Examples in Summary and Analysis of Extension Program Evaluation
SAEEPER: Using Random
Effects in Models
SAEEPER: What are
Least Square Means?
SAEEPER: One-way
ANOVA with Random Blocks
Packages used in this chapter
The following commands will install these packages if they are not already installed:
if(!require(nlme)){install.packages("nlme")}
if(!require(multcomp)){install.packages("multcomp")}
if(!require(multcompView)){install.packages("multcompView")}
if(!require(lsmeans)){install.packages("lsmeans")}
if(!require(lme4)){install.packages("lme4")}
if(!require(lmerTest)){install.packages("lmerTest")}
if(!require(TukeyC)){install.packages("TukeyC")}
When to use it
Null hypotheses
How the test works
Partitioning variance and optimal allocation of resources
Unequal sample sizes
Assumptions
Example
Graphing the results
Similar tests
See the Handbook for information on these topics.
How to do the test
Nested anova example with mixed effects model (nlme)
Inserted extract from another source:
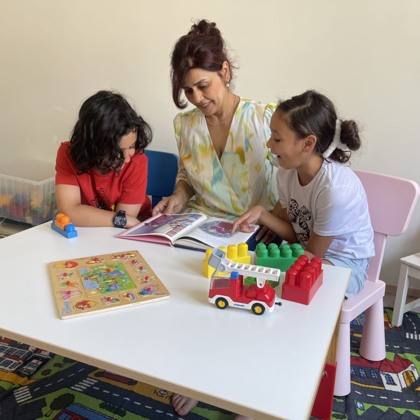 Kinder haben besondere Bedürfnisse an die Einrichtung: der Waschbereich hat einen Wickeltisch, niedrige Waschbecken und eine separate Toilette. Für den Mittagsschlaf oder um sich auszuruhen gibt es den Schlafbereich mit einer eigenen Matratze für jedes Kind. Die Küche ist besonders wichtig: hier bereiten wir – auch oft gemeinsam mit den Kindern – die Mahlzeiten zu und lassen es uns zusammen am großen Tisch schmecken. In den Räumen gibt es verschiedene Bereiche zum Basteln oder Spielen – mache Bereiche werden auch für verschiedene Anlässe umgeräumt. In den Räumen wird natürlich nicht geraucht.

One approach to fit a nested anova is to use a mixed effects model. Here Tech is being treated as a fixed effect, while Rat is treated as a random effect. Note that the F-value and p-value for the test on Tech agree with the values in the Handbook. The effect of Rat will be tested by comparing this model to a model without the Rat term. The model is fit using the lme function in nlme.
### --------------------------------------------------------------
### Nested anova, SAS example, pp. 171-173
### --------------------------------------------------------------
Input =("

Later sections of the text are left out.